Each day, the public continues to grasp a deeper understanding of the blockchain, a technology that has received appraisal from many high-tech company officials. As many industries continue to familiarize with the technology and find viable application within their operational scope, some of these industries have been at the forefront of the blockchain wave. At the top of the list is, of course, the financial institutions. The emergence of blockchain was almost in synchrony with that of the cryptocurrency bitcoin, an electronic currency that has gained popularity across the globe.
While banking systems did not take blockchain under their wings right away, they were among the first to interact with the technology through bitcoin and other emerging cryptocurrencies. Therefore, it was imminent that tech companies and financial institutions would be the first to realize other uses of blockchain as it advanced. And they did. Today, banking systems have one of the broadest use cases for blockchain and may even be working to implement it in many other facets of their functioning. Below are some of the ways in which banking institutions utilize blockchain within their systems and functionalities.
Customer Identity
For banks and other financial institutions, knowing your customer is a fundamental step towards ensuring transparency and security for both the customer and the institution. In fact, banking systems recognize its importance so much that they created a Know Your Customer (KYC) policy. Knowing a customer’s identity can help financial institutions to carefully assess their sources of income and thereafter ensure that they are legitimate. Banks can also manage processes such as loan processing more efficient by ensuring that consumers have the ability to pay. Knowing their customers also allows banks to prevent fraudulent activities such as illegal access to bank accounts, perhaps by evaluating the location of transactions and correlating it with the known destination of the customer.
Thus far, banking systems have been using database systems to store and update consumer information. However, they are looking into implementing blockchain into this functionality in order to ensure a high-level security of information. Thanks to the transparency and robust nature which blockchain offers, banks are working to implement a new kind of customer database that implements it into its workings.
Speeding up Payment and Settlements
When it comes to money transfer, the online community has been on a rise, with the provision of various software and applications, which enable secure money transfer. The problem with the existing systems is that they are typically slow and may usually lead to incurred costs for the customers. Things are even more complex when it comes to changing locations and currencies, and the processes become more vigorous, and therefore, slower.
Blockchain technology offers banking institutions with a real-time solution that can be used to transfer money or make payments through the internet. Being a distributed ledger, blockchain allows real-time updates during money transfer processes, thereby speeding up the process significantly and enabling faster money transfer capabilities through various interfaces.
Smart Contracts
Smart contracts work by enforcing a certain set of criteria or preconditions for a certain business transaction.
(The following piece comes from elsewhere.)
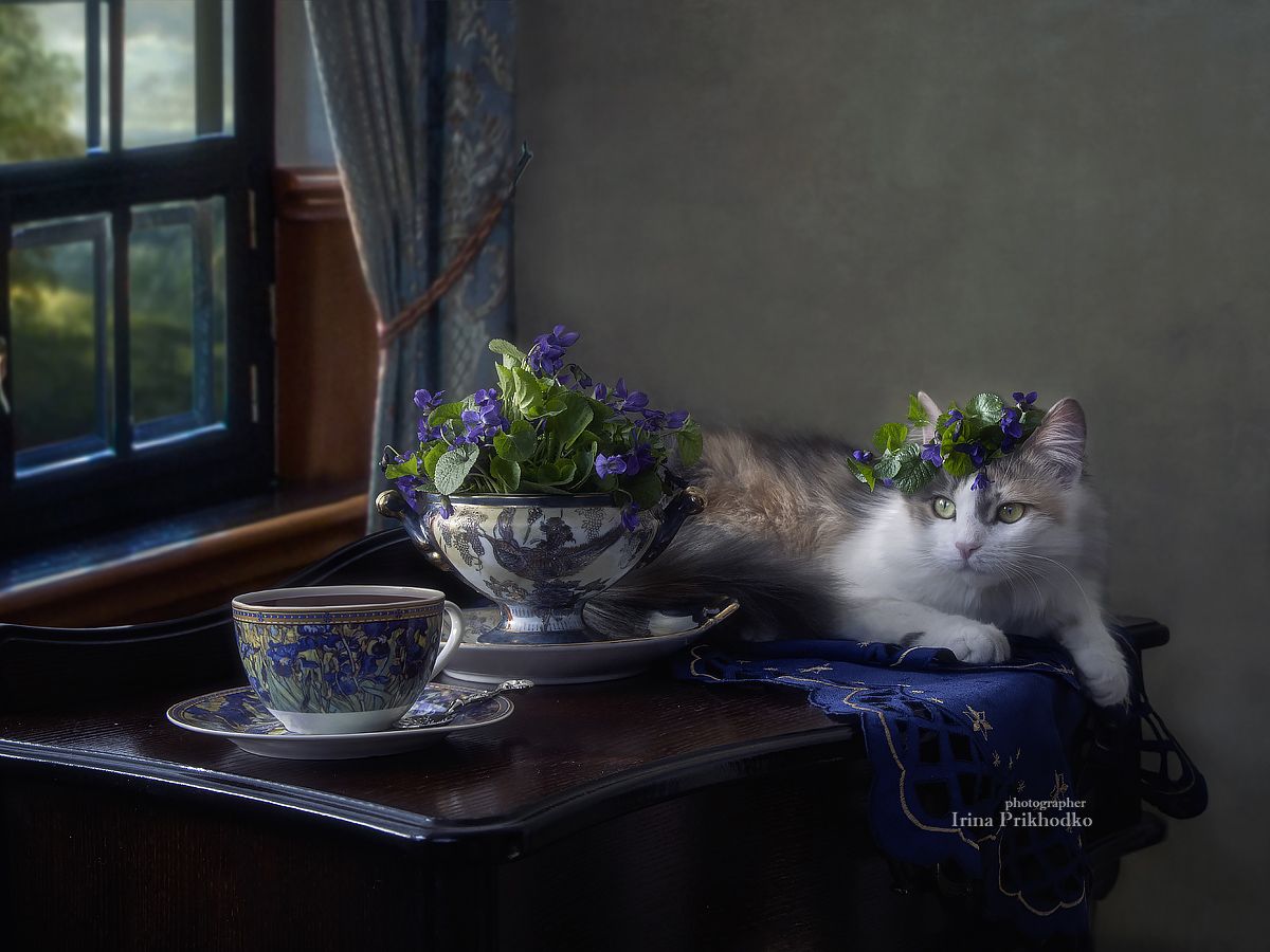 натюрморт, котонатюрморт, постановочное фото, кошка, фиалки, цветы, букеты, Приходько Ирина

Using blockchain, smart contracts ensure that crucial processes such as money transfer only occur once the defined requirements have been achieved. By this operation, blockchain makes smart contracts reliable, thereby enforcing transparency within financial institutions. Smart contracts also offer a level of automation, though not fully. However, they allow users to concentrate on the main issues while aspects such as calculation and payment execution are automated.
Streamlining Global Market Processes
When it comes to global market trade, nothing is as tedious as the amount of paperwork, which is involved in order to carry out transactions. In fact, most of the time taken to complete global transactions usually involve the examination and validation of various documentation such as contracts, insurance documents, and letters of credit. This process of carrying out lengthy document examination is unreliable and can often lead to friction between business partners who are in different localities.
The introduction of blockchain into global markets enables these processes to be streamlined, allowing oversight in real time by all parties involved in the trade deals taking place. An article from IBM’s Universal Payments and Marketing sector calls blockchain a shared version of the truth when it comes to international trade relations. Because all parties are dealing with one document, the completion of contract deals and factors such as licensing agreements across the globe becomes easier, faster and more convenient than the traditional systems that are in place.
Convenient Share Trading
Share trading has picked up globally as a viable means for long-term investments for both individuals and companies. The systems that enable share trading, however, are currently very difficult to keep up with and are sometimes unreliable and slow. Blockchain provides a platform technology that streamlines the processes for share trading to be more dependable and robust while speeding up transaction rates and maintaining transparency.
It is no doubt that blockchain technology has had a significant impact on the financial structures that have been in place for a long while. With the digitization of aspects such as currencies and property ownership documentation on the rise, blockchain technology is sure to make a solid mark on financial institutions in even more ways in the coming future. The application areas, which are being witnessed today, are also likely to advance and become even more reliable as the technology is improved upon over time.